There was a terrible sadness amongst all the Negroes when we delivered Mr. Fleete’s body over to them, but no indications of surprise. For them, I suppose, the astonishing thing was that one of them had managed to live so long without having run from the world and hid from it in a hole. That was something about Negroes which I found mystifying in those days — that they constantly expected death and yet did not anticipate it. Later, of course, I came to the same viewpoint myself.

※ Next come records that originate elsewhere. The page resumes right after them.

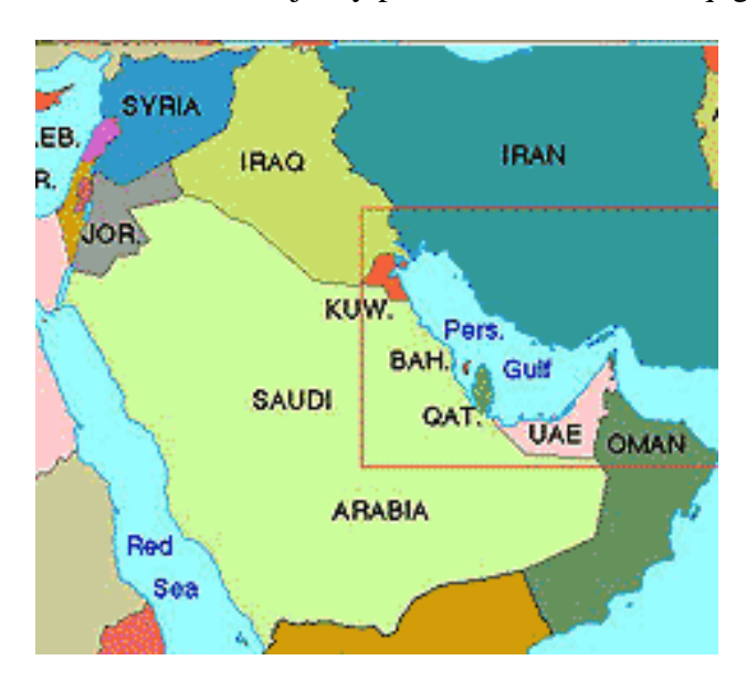
Figure 2. Persian Gulf Region<sup>15</sup>

Geographically the Persian Gulf region comprises eight coastal states bordering the body of water known as the Persian (or Arabian) Gulf. The member states include Saudi Arabia, Iran, Iraq, Kuwait, Bahrain, Qatar, Oman, and the United Arab Emirates (UAE). Collectively the Persian Gulf states have a population of over 129.8 million people, of which 68 million are Iranian.<sup>13</sup> Islam is the dominant religion and plays an important role in governance, as does the split between the Sunni and Shiite sects.<sup>14</sup> Before the fall of Saddam, Iran stood as the only Shiite ruled nation but current indications suggest the Shia will hold a majority position in the new Iraqi government.
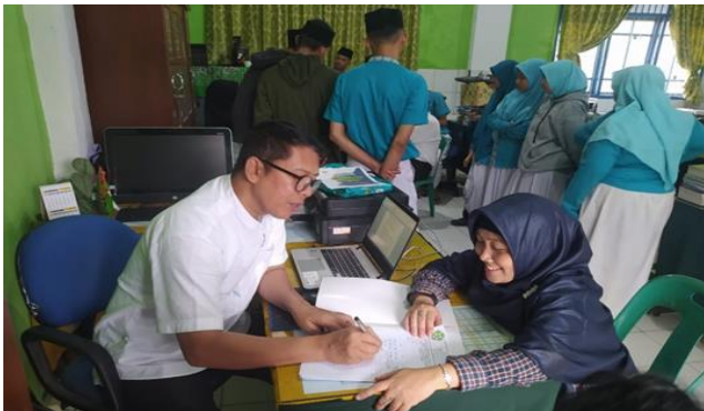
Figure 1. Preparatory Stage for Implementation to SMA Muhammadiyah Langsa

In the preparatory stage carried out by the Community Service Team, the first carried out the application for service permits and assignment letters submitted to the LPPM and PM Samudra University as document administration to carry out community service activities. Furthermore, the Service Team carried out outreach activities to representatives to schools in the field of curriculum at Langsa Muhammadiyah High School which aimed to carry out community service activities. In this case the school agreed to the process of community service activities and allowed the implementation of these activities at Langsa Muhammadiyah High School. The process of proving this activity can be seen in Figure 1.
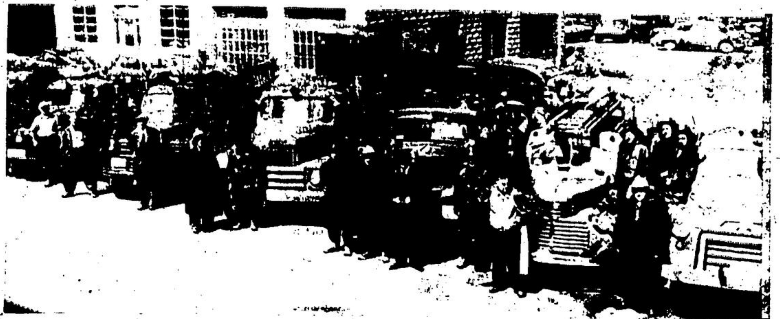
Seven trucks assembled in Milton as Halton's Mutual Aid system received its first workout
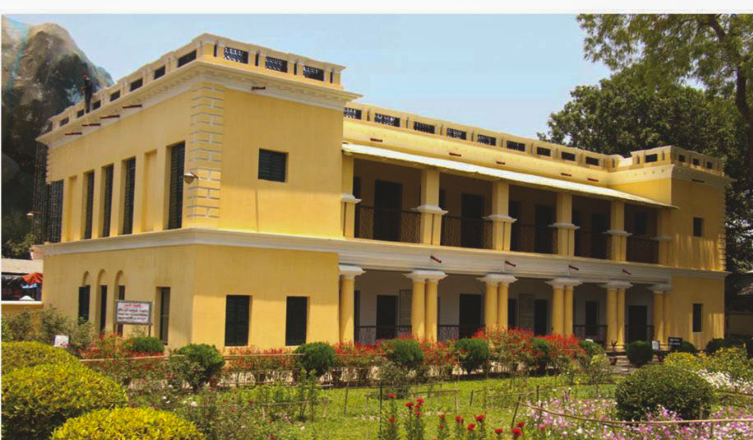
The iconic Kachharibari will buzz for the next three days.
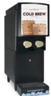
2-Port Model # GW-2BLK 9.5"W x 21.5"D x 24.25"H Head clearance when open: 44.5"
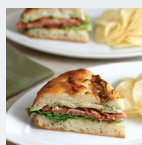
WEDNESDAY Grilled Focaccia Sandwich with Bacon and Avocado
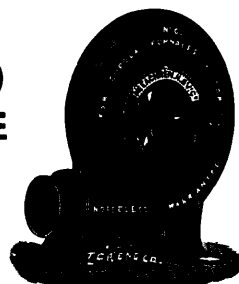
Steel Pressure Blower for blowing Cupola and Forge Fires

SANDERSON'S Tool and Drill CAMBRIA Cold Rolled and Machinery All Kinds of SHEET and PLATE
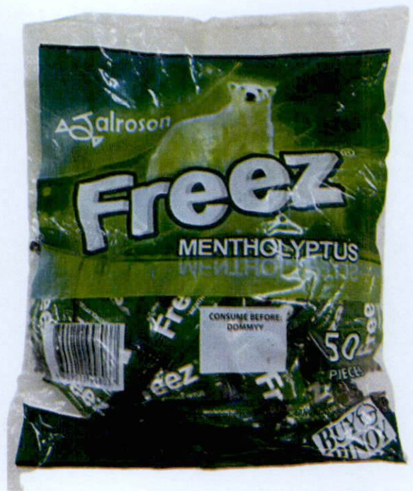
Figure 3. Unregistered JALROSON Freez Mentholiptus, 50 pcs
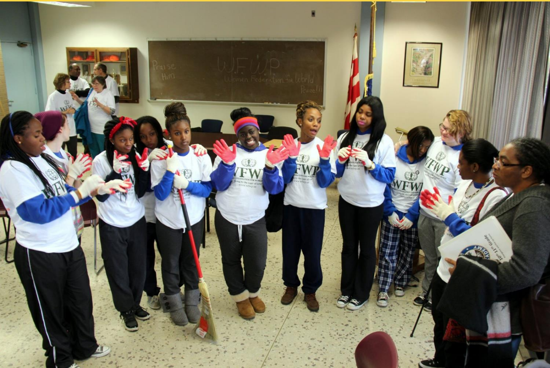
Inspired young girls getting ready for cleaning.
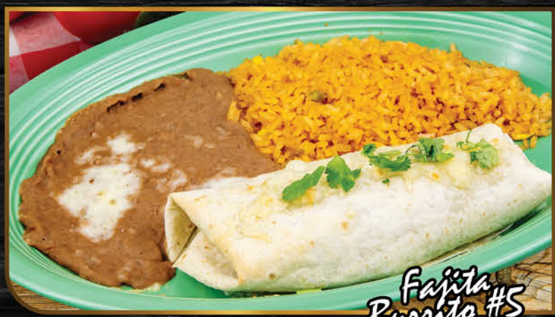
Fajita Burrito #5

*Consuming raw or undercooked meats, poultry, seafood, shellfish, or eggs, may increase your risk for foodborne illness.
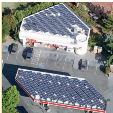
Sharp multi-purpose modules offer outstanding performance for a variety of applications.
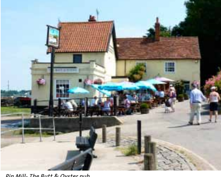
Pin Mill- The Butt & Oyster pub

species of birds, Chinese water deer and hares. The size of this reserve fluctuates as gravel is washed ashore and washed away by waves. The nearby town of Orford probably used to have a sea view. We dropped anchor in these magnificent surroundings! We jumped into our dinghies and visited Orford.
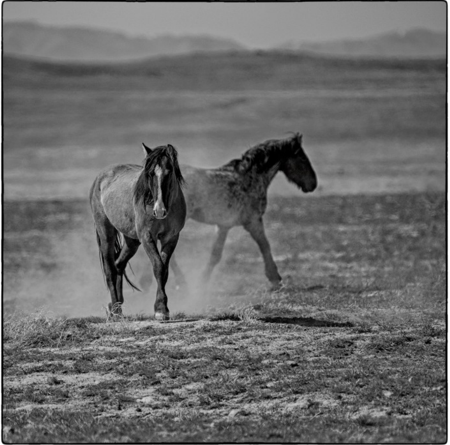
Havertown, Pennsylvania
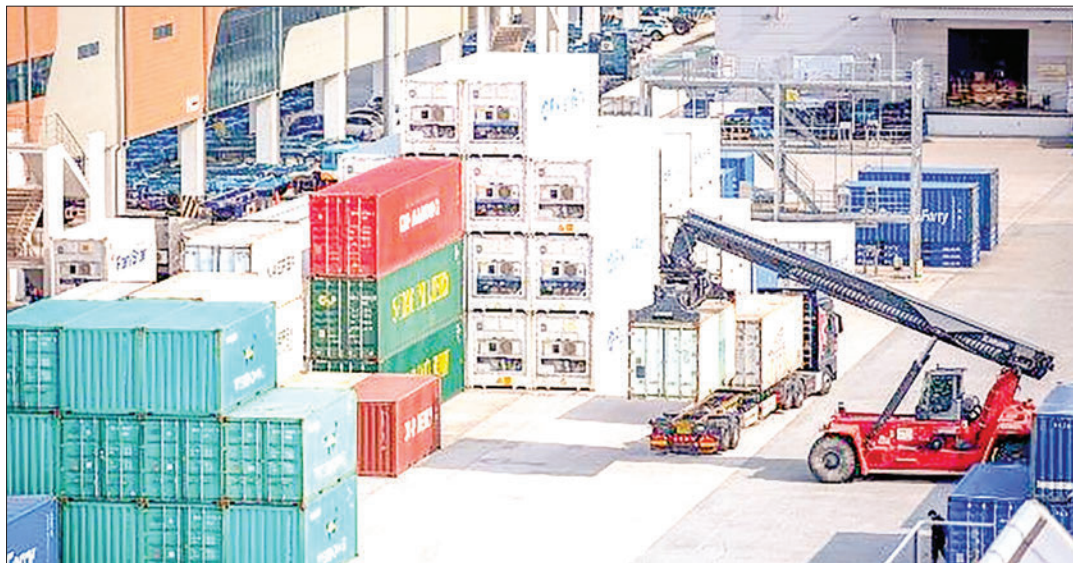
This photo taken on 7 March 2023 shows a container yard at the port of Busan, South Korea. The port of Busan is the largest seaport in the country.

South Korea achieved a current account surplus for the seventh consecutive month, driven by export recovery, with a surplus of US$ 4.06 billion in November 2023, as reported by the Bank of Korea.
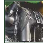
Dry Type Air Filter

Modern, technologically advanced, powerful John Deere 3029D engine
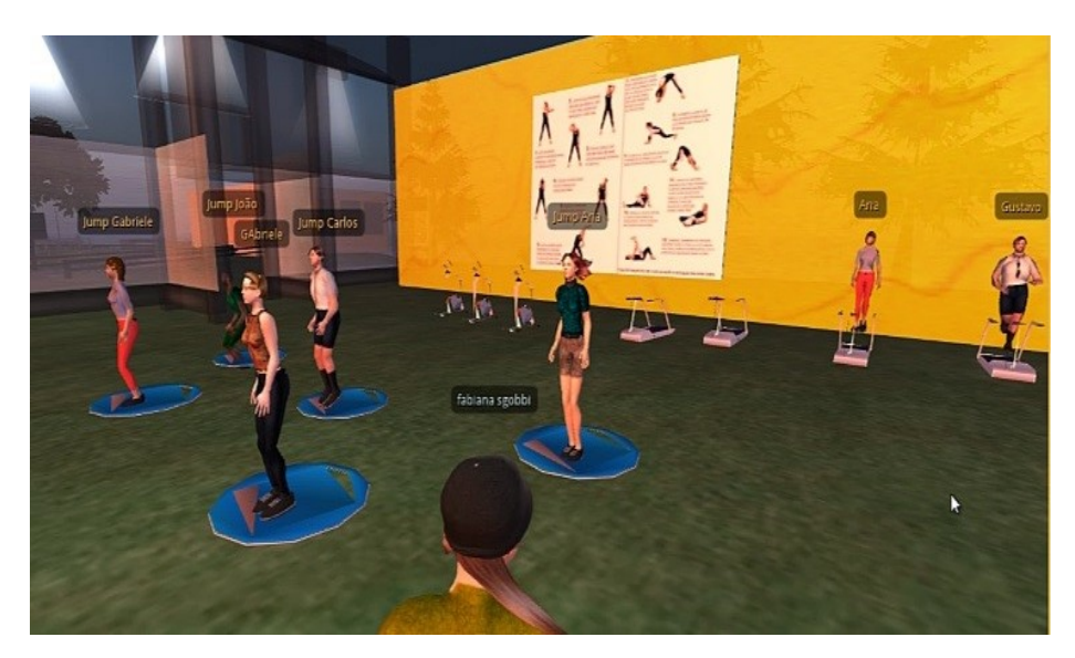
Fig. 3. - Aerobics class

When starting the participation, each person received a motion sensor which should be used 24 hours a day and should be synchronized at least once a day, through a mobile application. They also had their weights and abdominal circumference recorded. They also visited the virtual world, followed by the researcher who provided guidance concerning the navigation and the use of features available in the HIGIA System.
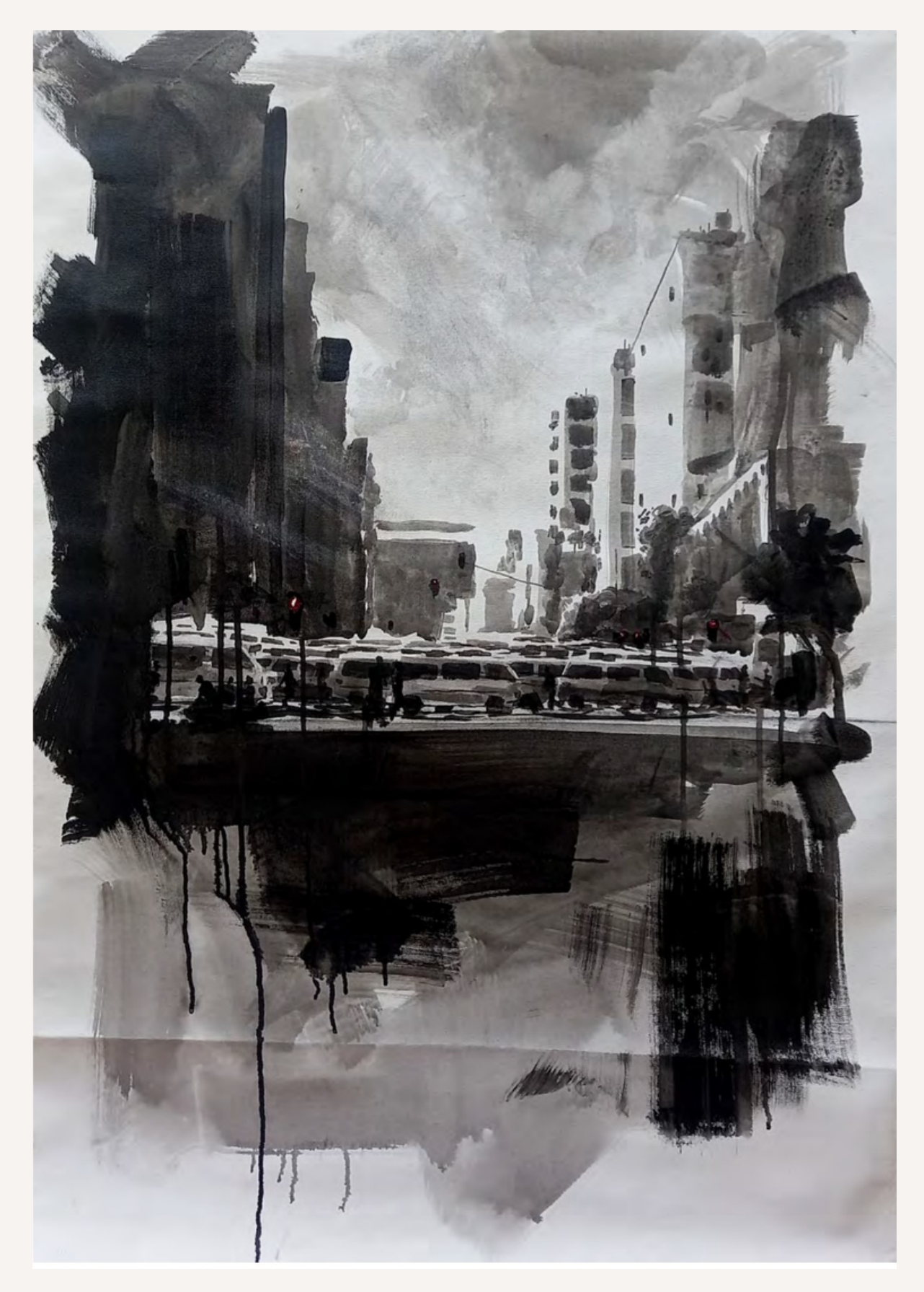
Thabang Lehobye Rush Hour 86 x 59 cm Mixed media on Canvas 2023
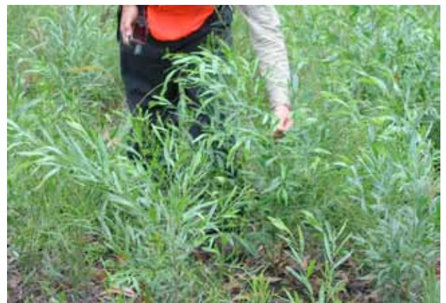
Figure 3. Acacia leprosa var. graveolens , Kinglake National Park, 12/1/2011.

Large new populations of this species were also recorded in the Traralgon South Flora and Fauna Reserve on sandy soils. Associated species included Eucalyptus polyanthemus over Cassinia longifolia , Hydrocotyle laxiflora , Geranium potentilloides , Cymbonotus preissianus , Poa labillardierei , Euchiton collinus , Desmodium spp. and Glycine clandestina .
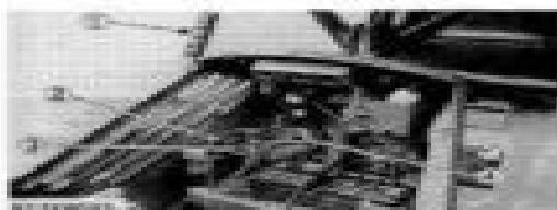
11460-11469 (1) Grip (3) ATA PTO Cable (2) PTO Clutch Lever (4) PTO Clutch Wire
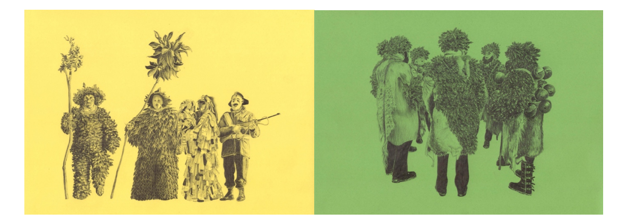
'La cinquième saison, Acte I #3 and #4' by Céline Marin, 2020, pencil on coloured paper, 21x 29,7cm

The first part or Act I of 'The Fifth Season' series (2019-2020) consists of graphite drawings featuring figures of wild men, bears, bell-ringers and other surprising characters with special clothes and masks or astonishing headdresses topped with miniature scenery. Céline Marin reconfigured a selection of single participants, with special attention to the postures and costumes to create intruiging scenes. Whereas in this first subseries Marin distinguished the specific village scenes, e.g by using a specific background colour, she draws in the second part an imaginary collection of bizarre masquerades.
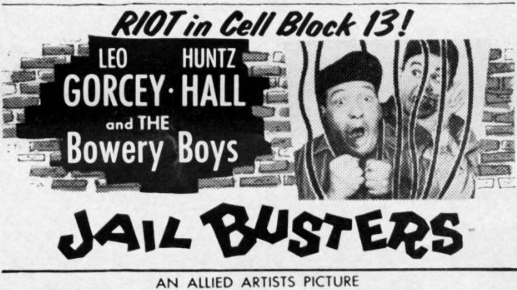
Ad No. 205 2 cols. x 2" (56 Lines)

But the consequences of our rash acts were not as dire as I, for one, expected, although they were, indeed, catastrophic for the Negro community in general. We had inflicted a serious wound on the slave-catcher (not a mortal one, it seemed), and that was probably a positive good. Although it seemed to me that there had been more than enough blood spilt. On the way back from Elizabeth town, John confided that he hoped Billingsly would come looking for revenge, so we could kill him properly. Two white men wounded for one black man dead: that was the trade-off. Not quite fair, I thought, but closer to even than most of these exchanges allowed. And we had surely scared our Keene neighbor Mr. Partridge straight back to his deer-hunting ways, stifling any rising ambitions he may have held for assisting slave-catchers and sharing in the rewards of that heinous activity. The unfortunate jailer in Elizabethtown, whose name I never learned, was one of those who, in Father’s phrase, were merely doing their duty, and though he had paid dearly for it, he would have a scar to show and a tale to tell for the rest of his days. He would be able to say that he had been one of the first innocent victims of the Browns’ nigger madness. Mr. Wilkinson, our one-time ally, had beat his retreat back to Tahawus, where he would continue to drive his Irish miners, but with no further pretensions to providing aid and succor to Negroes, and that was actually in the interests of Negroes and those of us who might have otherwise allied ourselves with him. It’s always useful to know your enemy and to have him know you, as Father was fond of saying.
Despite their astonishment and sadness on learning of the death of Mr. Fleete, our family was overjoyed, of course, to see us return to the farm that night uninjured, and Susan wept with relief at the sight of her husband freed from jail. However, their anxiety, as we learned on our arrival home, had been greatly increased that afternoon by a piece of intelligence they had received in our absence from Captain Keifer. He had sent his eldest son down to North Elba on horseback to warn us of what we already knew, that Marshal Saunders had come looking for the Cannons in Port Kent, and to inform us of what we had not even guessed — that in truth, as the marshal had claimed, Captain Keifer had not transported the Negro couple to Canada after all. Further, the two had been surprised in the kitchen of the Quaker’s home by the marshal and his deputies, and the man had promptly arrested the couple and was now transporting them south to Albany, whence they would be returned to Richmond, Virginia, there to stand trial for the brutal slaying of their master.